Re: Anything important has been encrypted for year

This just makes me wish there were more ways to get premium WiFi access. I waited on hold so long I went over my plan and the hold music stopped and I was prompted to get another plan. So now I have no plan and I pay roaming fees whenever I make a call. But then I saw a new all access plan from Verizon that comes with the iPhone SXY with the new AI smart logic so I am in line right now. The only problem is I have to pay these kids to go get me food across the street at the cart vendor.
Someday I will take my new phone to a Chinese factory and I will learn to make a case for it an extra special case with little soarkles and stripes. But now I am roaming again so I must stop posting

I never trusted ISPs more than hotels

Who wanted to mitm DNS, inject ads, and throttle random protocols? Hint; not the people who live and die by actual reviews of the quality of their service.

It was never a problem

[gweihir]

That is, given appropriate safety measures, like using secure shell or a VPN tunnel. You cannot and never could trust the network.

This is how security SHOULD be implemented

[Tony+Isaac]

Done correctly, it should not be necessary to trust intermediate third parties, in order to have a secure connection. Who knows who is carrying your packets between here and Romania! Who even knows if your packets are going through Romania, on their way to Texas!
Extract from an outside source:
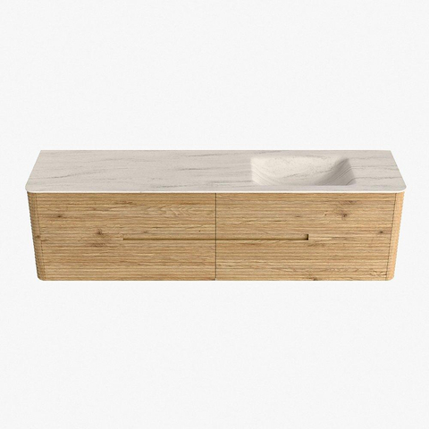 Mondiaz CIRO-DLUX Badkamermeubelset - 180x45x50cm - Solid surface wastafel Meli - 1 wasbak Rechts - 1 kraangat - 4 lades - Oak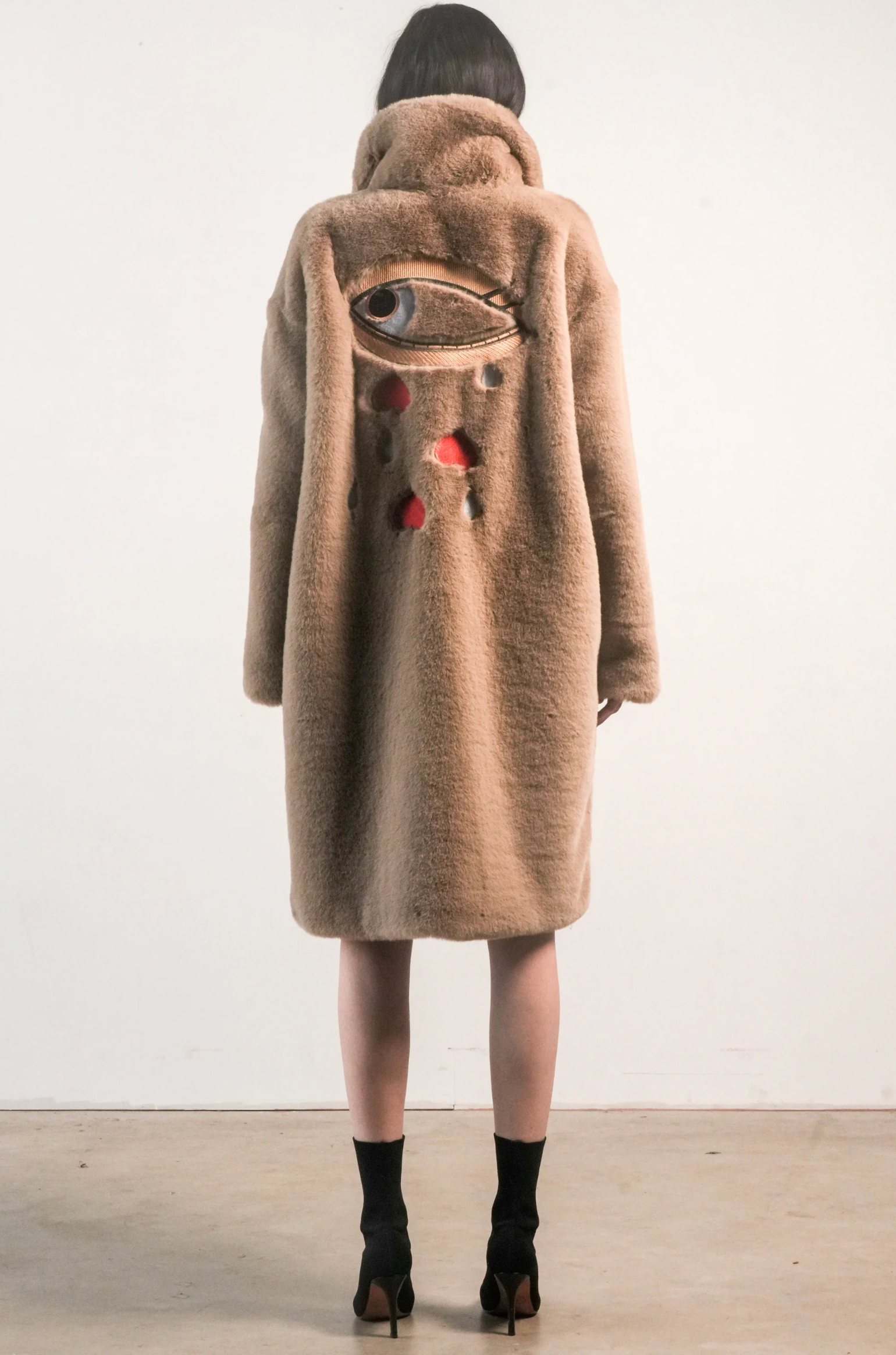 The Evil Eye jacket is more than fashion—it’s a statement of style and spiritual edge. Made from ultra-premium faux fur in a warm camel hue, this piece wraps you in softness while the intricately embroidered eye motif watches your back—literally.

This is the nature of the internet.

Make it possible to establish a secure connection between two parties, and it doesn't matter whether you are using Joe Shmo's cell phone hotspot with an SSID of Denver International WiFi.

Leaky

[Bert64]

A lot of corporate laptops leak information when connected to other networks, they try to connect to various internal resources and in doing so disclose either the ip addresses or the dns names.

Except at Work where https decryption is prolific

Except at work of course where they use Bluecoat, Redcloak and Cylance to decrypt https with impunity. Workers rights zero as usual

Re: The best use of airport wifi:

|[]|
|[]|
|[]|
|[]| flashing in middle of frame

Not exactly

[JoePete]

I think the report misses the point. It's a bit like saying because more people are getting the flu shot these days, we don't need to wash our hands as much. The opportunity for attack over a public network has only increased. Sure HTTPS has reduced a subset, but it is far from an absolute cure-all. The folks most likely to trust a public access point are also the people most likely to ignore a certificate error for example. WPA2-PSK was designed to be used in a trusted environment (i.e. a home network). It was not designed where strangers would share the same the network - as it is done in every coffee shop, conference, etc. Off the bat, the moment you are on a shared network, you expose your device to scanning and attack. More you cannot know whether you have connected to a real access point or an attacker's laptop - unless you are talking certain WPA2-Enterprise options, there is no mutual authentication. Even when seeming to use HTTPS, there can be plenty of non-HTTPS packets/data that will leak. Further HTTPS is not like a VPN encrypting all network traffic. It just handles a specific browser-to-server subset. Yes, on one hand things are better, but on the other, WiFi is so much more prevalent today - we have WiFi enabled diapers for cripes sake - that the overall vulnerability of the average wireless user has only increased.

A problem

I used to travel 9 months out of the year and stayed in motels continuously. I remember many times when first connecting to motel wifi system, a message would popup saying that I needed to install some software to use it. I was always suspicious of that and never did. Just after canceling the requirement request, I would be connected to the wifi system anyway. This fake software install requirement ended up being a worm that had been installed on many motel wifi computers.